6.8 Final memory hook¶
Keep three pictures in your head: - the company with departments - the memo format between them - the CEO choosing the org chart If those pictures stay stable, the vocabulary of MCP and multi-agent will stay stable too.
Appendix — quick topology snapshots¶
Snapshot 1 — router plus workers¶
A router decides which specialist should handle the case. This differs from a full orchestrator. The router chooses once, then steps back.
Use this when classification is the real problem. Do not use it when many specialists must collaborate deeply.Snapshot 2 — map-reduce style research¶
One orchestrator fans out search tasks in parallel. Then one reducer composes the final answer.

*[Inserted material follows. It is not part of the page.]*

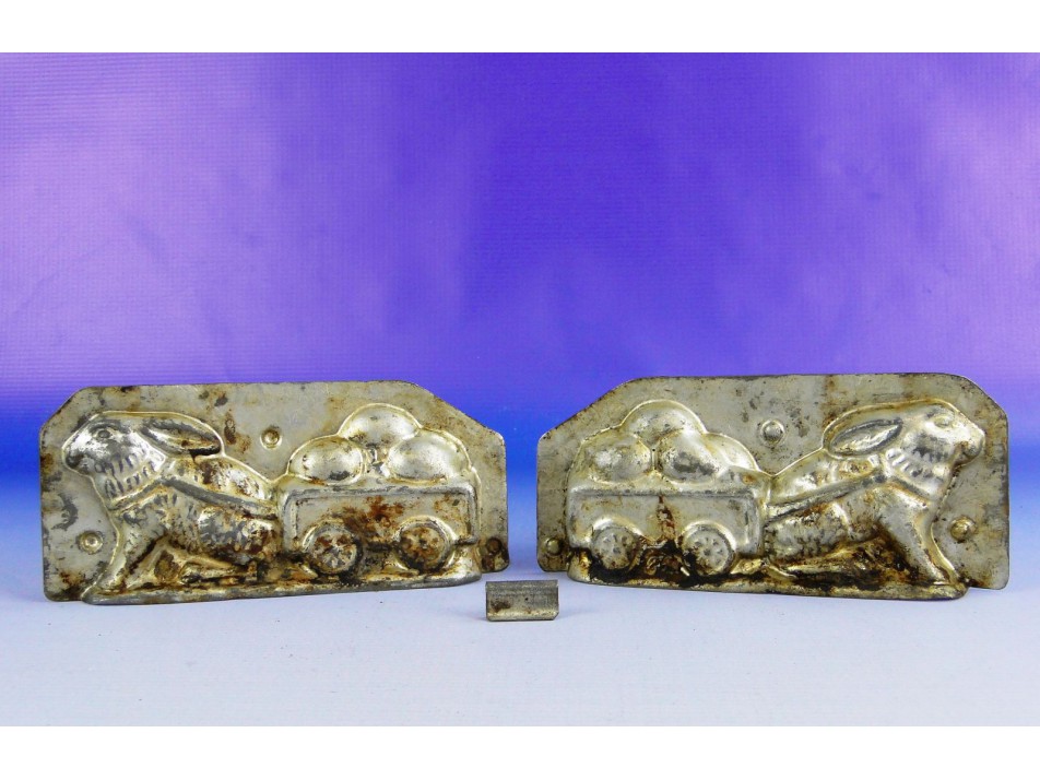 Antik kis méretű húsvéti nyuszi alakú csoki öntő forma, cukrászati eszköz.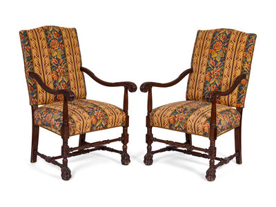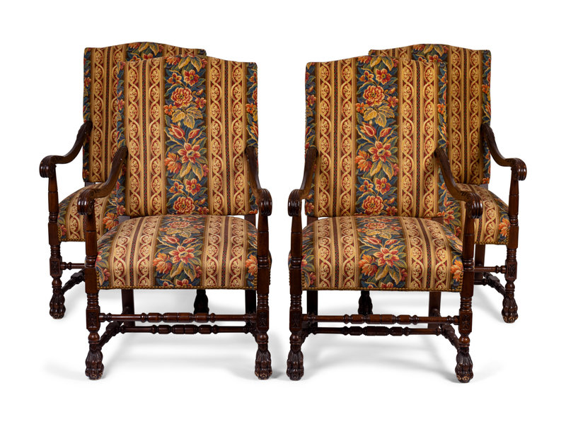 Four Spanish Colonial Style Carved Mahogany Open Armchairs

This pattern helps when sub-searches are independent. It hurts when the reducer gets overwhelmed by noisy evidence.Snapshot 3 — reviewer as gatekeeper¶
A reviewer can be placed after generation but before action. This is common for publish, refund, and delete actions.
Think of the reviewer as a quality and safety checkpoint. This is often the highest-leverage extra agent.Snapshot 4 — peer review ring¶
Three agents can also review each other cyclically. This is useful only when bounded tightly. Otherwise the ring becomes a loop trap.
The ring must have a stop condition. Without one, cost drifts upward quietly.Snapshot 5 — human in the middle¶
Sometimes the most mature topology includes a human gate. That is not a weakness. That is production judgment.
When stakes are high, architecture should show restraint. Reliability often beats autonomy theatre.